Ten months after the tragedy, Conception had given birth to twins, a boy and a girl. Concepcion barely took notice. Nannies were brought in to raise the infants. She was sent to therapists, to spas in the Cordillera de Los Andes and retreats on the warm beaches of Uruguay. Others managed - why shouldn't she?

"He is not husband material," her mother had tried to tell her before the marriage.

"But mama..." Concepcion avoided her mother's eyes: "I love him."

"Love! Who will care for you after they discover his politics, you are sleeping with gunpowder."

"I feel so alive, mama."

"They will come to burn his books and more." Señora Arenales put down her teacup.

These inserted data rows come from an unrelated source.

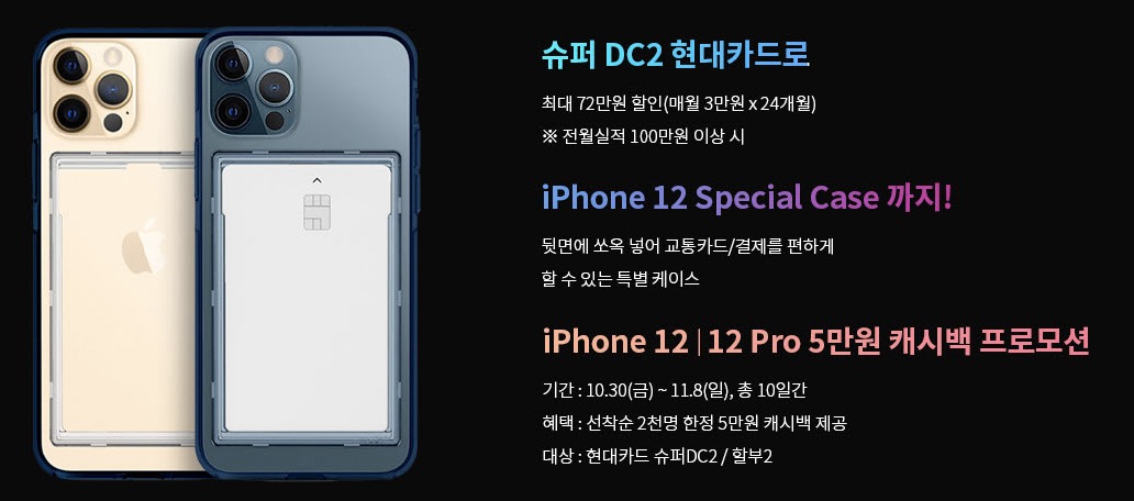 제휴카드 이벤트도 진행 중으로 현대카드 실적에 따라 최대 72만 원 할인(매월 3만 원)이 되며 아이폰 12용 케이스도 제공하고 있습니다. 그리고 선착순 2천 명 한정 5만 원 캐시백도 제공하고 있습니다. (대상 : 현대카드 슈퍼 DC2 / 할부 2)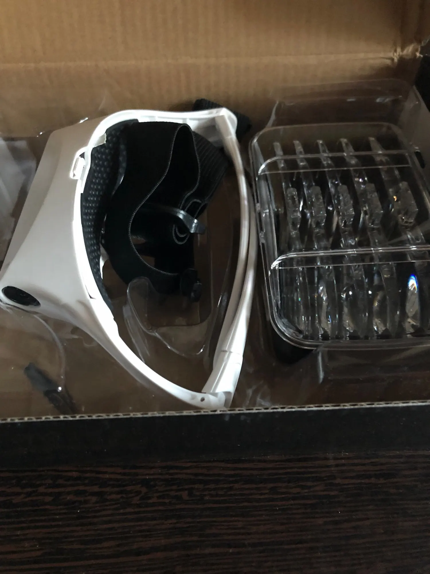 Очки супер. Всё как в описании. Курьер на дом доставил,было смс уведомление ватсап . Лампочку проверю завтра ,так как батареек нет,их покупать отдельно надо. 2 батарейки мизинчиковые. Доставка до Норильска очень быстрая оказалась на 9 день пришли после заказа.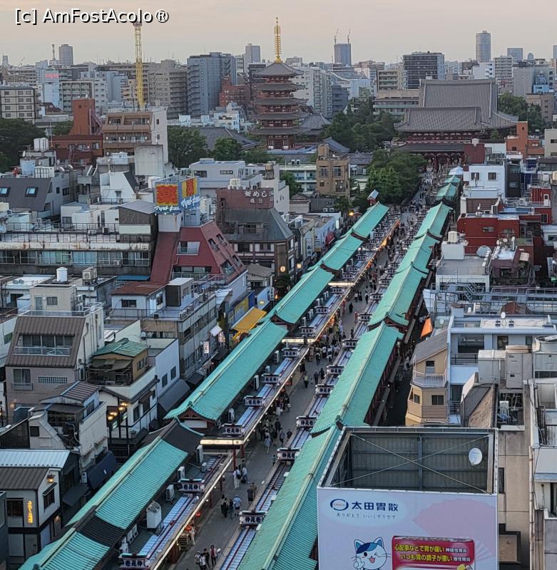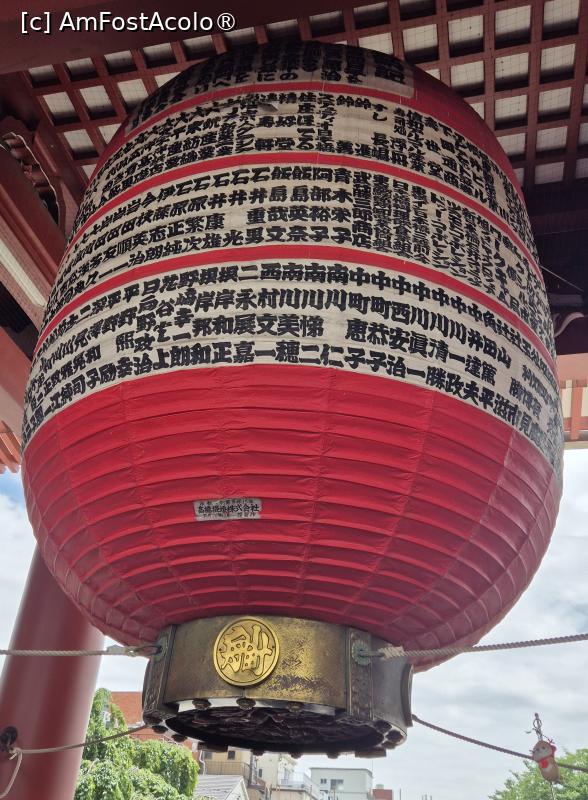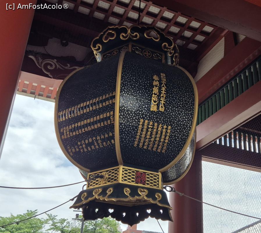 [P02] Impresionant este felinarul de hartie, imens, agatat de Poarta Kaminarimon, ce a devenit simbolul Asakusei. Pictat in tonuri vii de rosu si negru pentru a sugera fulgerele si norii de furtuna, cantareste aproximativ 700 de kilograme, are aproape 4 metri inaltime si 3,3 metri in diametru. Felinarul original a fost realizat in 1971, iar la fiecare zece ani se schimba cu unul nou.

It clattered. "If he loved you, he would distance himself."

"Mama, our family is beyond question." Love invincible. "My Antonio has strong beliefs."

"Let me tell you, Concepcion Arenales, your father will not be able to help you. This dirty war is beyond him. You don't know how difficult it has been for me to stop your father from ripping you out of this apartment and dragging you out to the countryside away from the troubles, away from that boy. You silly girl! You will not suffer from lack of money, but I cannot shelter you. This boy, Antonio is simply not of our ilk." Conception's mother shook a jewellery-laden hand at her daughter. "What has got into you? The same way your father's men rolled through the Lahorca uprising, these men will roll through the Capital. I should have let your father take you away." If Señora Arenales had ever erred, it was on the side of not heeding her instincts. Torn, she saw her daughter happy: how could she take that boy from her?

"But mama."

"Don't 'but mama' me. In one week I shall return. Concepcion, you had better be ready to break it off with that Antonio boy or he shall break you. Mind my words."

Concepcion did not.

Shortly after their secret marriage had taken place across the river in Uruguay, the couple returned to give birth to a daughter. The dirty war continued. People disappeared.

One night after a loud knock on the door of apartment 11B, Concepcion lost her man and her first-born, and was impregnated by a stranger. She was never the same. Her hair still stands on end at the thought of that knock on the door. Except for financial support, her family had nothing to do with her. The tragedy was not hers alone. The twins, born nine months later, suffered too. Conception's pleasant demeanour had been disappeared along with the rest of her previous life. Her mind was never quiet. Not a day passed without a fragment of that terrible night surfacing.

Concepcion clung to sanity, by living from 29th to 29th for a chance to see a glimpse of her lost husband's eyes, through those of her kidnapped daughter. Throughout the month, she relived the pictures and every titbit the man on the phone whispered.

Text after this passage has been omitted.